Thinklab-SJTU / Bench2Drive

[NeurIPS 2024 Datasets and Benchmarks Track] Closed-Loop E2E-AD Benchmark Enhanced by World Model RL Expert
Apache License 2.0
1.24k stars 79 forks source link

Closed-loop evaluation resume #20

Closed StevenJ308 closed 2 months ago

StevenJ308 commented 3 months ago

Hi, thanks for making the code public, I'm having some problems reproducing the closed loop eval. Since I am single gpu, I am using the debug mode directly for the evaluation, but every time I can't run through 220 routes and crahsed. when I reevaluate it, it will start the evaluation from the beginning.
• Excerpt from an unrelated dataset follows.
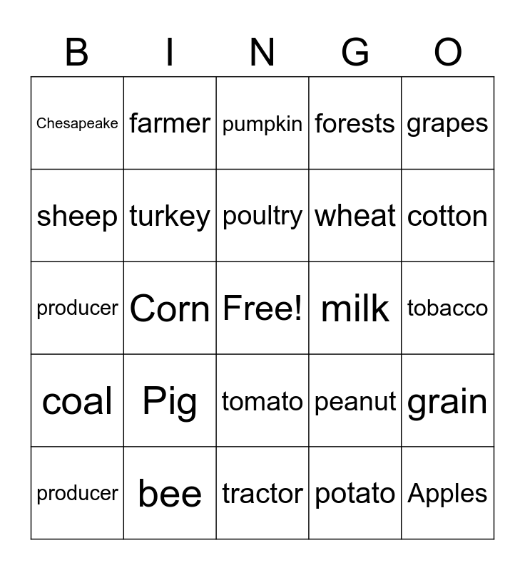 This bingo card has a free space and 24 words: Pig, bee, poultry, producer, grapes, Chesapeake, sheep, farmer, milk, tomato, wheat, producer, peanut, grain, turkey, potato, tobacco, pumpkin, cotton, Corn, Apples, coal, forests and tractor.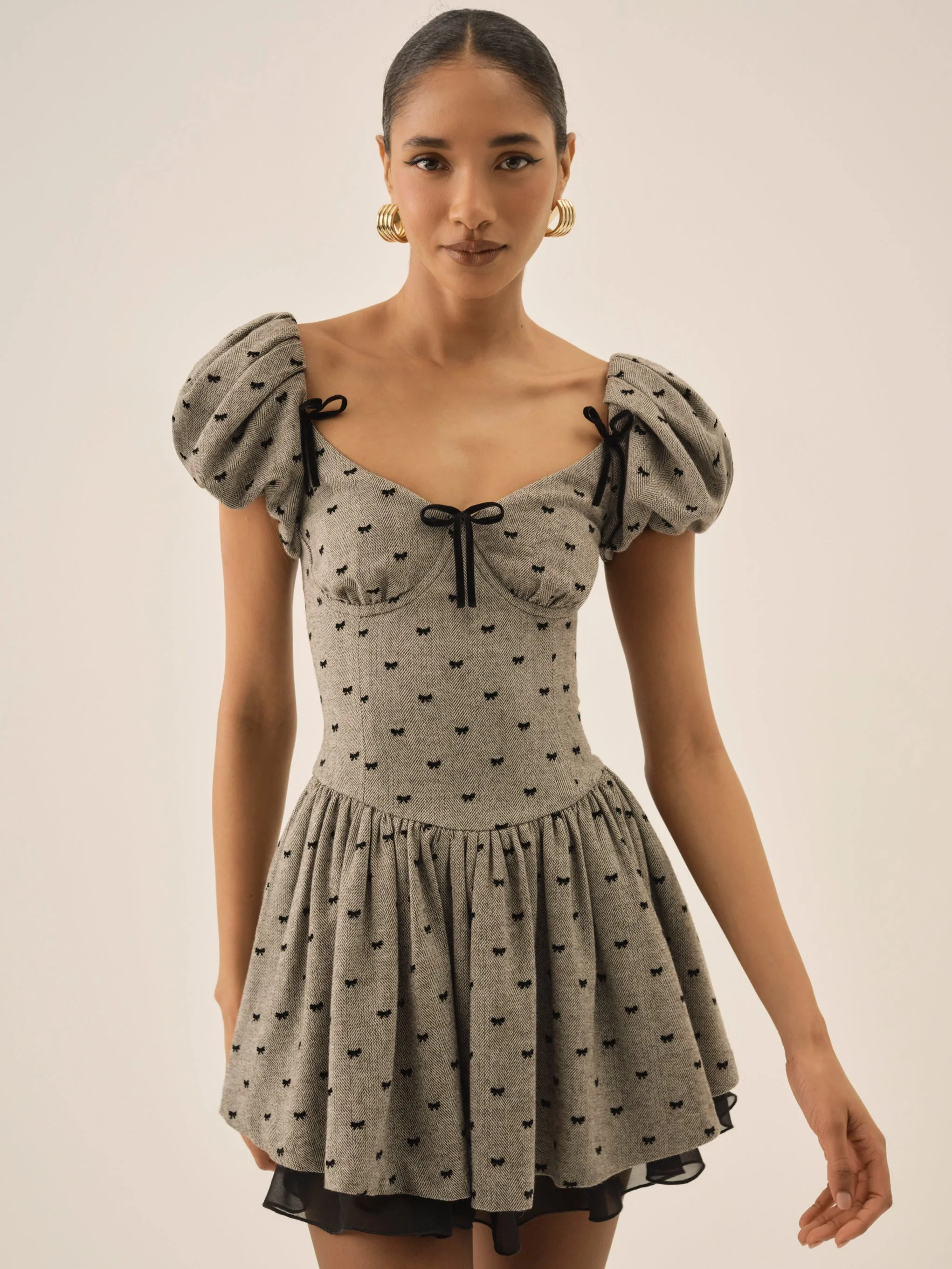 For a timeless yet celebratory look, the Twill bow mini dress charms with its flocked bow fabrication. This grey mini dress spotlights underwire cups, short puff sleeves and a drop waist. It's adorned with bows throughout. Style Notes - Fully lined - Gathered skirt - Invisible zipper at center-back with hook & eye closure Fabric + Care - Crafted in 80% polyester, 20% wool - Lining is made of 100% polyester - Dry clean only

I see that resume=True has been set in the shell script, why would it still start from the beginning? What should I do to avoid evaluating routes that have already been evaluated? Thank you very much!
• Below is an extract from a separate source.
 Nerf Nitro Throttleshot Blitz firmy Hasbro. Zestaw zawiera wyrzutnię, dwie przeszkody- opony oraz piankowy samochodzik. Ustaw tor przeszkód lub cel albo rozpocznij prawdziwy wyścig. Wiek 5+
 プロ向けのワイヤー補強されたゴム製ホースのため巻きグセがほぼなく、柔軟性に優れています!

jayyoung0802 commented 2 months ago

resume=True works well. It uses the json file to determine the route id of the evaluation, please keep the file path unchanged. And if one route always crashed(may be caused by agent behavior), you can skip it and 'progress'-1 manually.

StevenJ308 commented 2 months ago

Thank you very much for your answer. I looked at the code again and realized that in the while loop of the _validate_andresume function, it checks the status of the tested route, and my json file shows that the status of the initial route is Failed, which leads to restarting the test every time~